When we test hypotheses using the F-test, there are our usual suspects for our alternative hypothesis: >, <, and ≠. These, of course, are right-tailed, left tailed, and two-tailed tests.

Figure 2: F-statistic Critical Areas.

 

F-test critical areas

F-test Critical Areas

Graph credit: Flatworldknowledge.com/shafer

One carry over from F-tables, however, is that all F calculations in Excel are for right tail tests of hypothesis, i.e. s12>s22. (Remember we have defined F such that the larger value of the variances is always the numerator; this forces the test into the right tail). Because the F-distribution is not symmetrical and there are no negative values, you cannot just take the right critical value and use the opposite of it as the left critical value. And what do we do about two-tailed tests?

Without going into a detailed explanation “why,” to find the left critical value, we reverse the sequence of degrees of freedom, i.e. F(dnf, ndf), and then take the reciprocal of this value. For example, the critical value with α= 0.05 with 10 numerator degrees of freedom and 8 denominator degrees of freedom is equal to the reciprocal of the critical value for α= 0.05 with 8 numerator degrees of freedom and 10 denominator degrees of freedom.

For a two-tailed test, we only use the right-tailed value of F based upon a probability of α/2 and then take its reciprocal.

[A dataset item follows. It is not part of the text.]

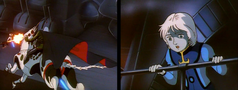 The mechanical steeds have great leaping power, allowing them to storm over the deck of the battleship. Kodai, Shima, and dozens of rank-and-file crew take positions on the deck to fend off the attack with grenades and cosmo guns. Most of the attackers charge forward blindly and are easily cut down, but Lugal displays much more agility, leaping around on his mount and cutting down Yamato defenders with ease. From inside the ship, the Dengilian boy stares in amazement at Lugal.

Excel, depending upon the edition, has several F functions available. I’ll show you both Excel 2010 and Excel 2013. I think Excel 2007 is similar to 2010; I’m going to punt on older versions.

When we are trying to solve for critical values of F with Excel 2010, we use FINV. In Excel 2013, we use either F.INV.RT or F.INV. Note, Excel 2013 still has the FINV function but I suggest you use the newer functions as they have been refined and are a bit more accurate. (I’m assuming you know how to use functions in Excel, but if you don’t there are a number of good tutorials online – just google “how to use Excel functions.”).

Our basic right-tailed test uses F.INV.RT or FINV. Both have similar arguments: (p, v1, v2) where p is your alpha, v1 and v2 are the numerator and denominator degrees of freedom respectively.

For a left-tailed test, we use the same functions but the arguments are (p, v2, v1) and we then take the reciprocal of the value returned by the functions.

For a two-tailed test in Excel 2013, we use the F.INV function; in Excel 2010, we still but use the FINV function. In both cases, the arguments are (p, v1, v2) but this time p = α/2.

Find p given a value for F

One neat advantage to using Excel for F-tests, we can solve for any value of p if we are given a value of F. However, for homework and test purposes, I suggest you use this “technology” from Daniel Soper’s great website here. It’s a lot quicker. Thanks Dr. Soper!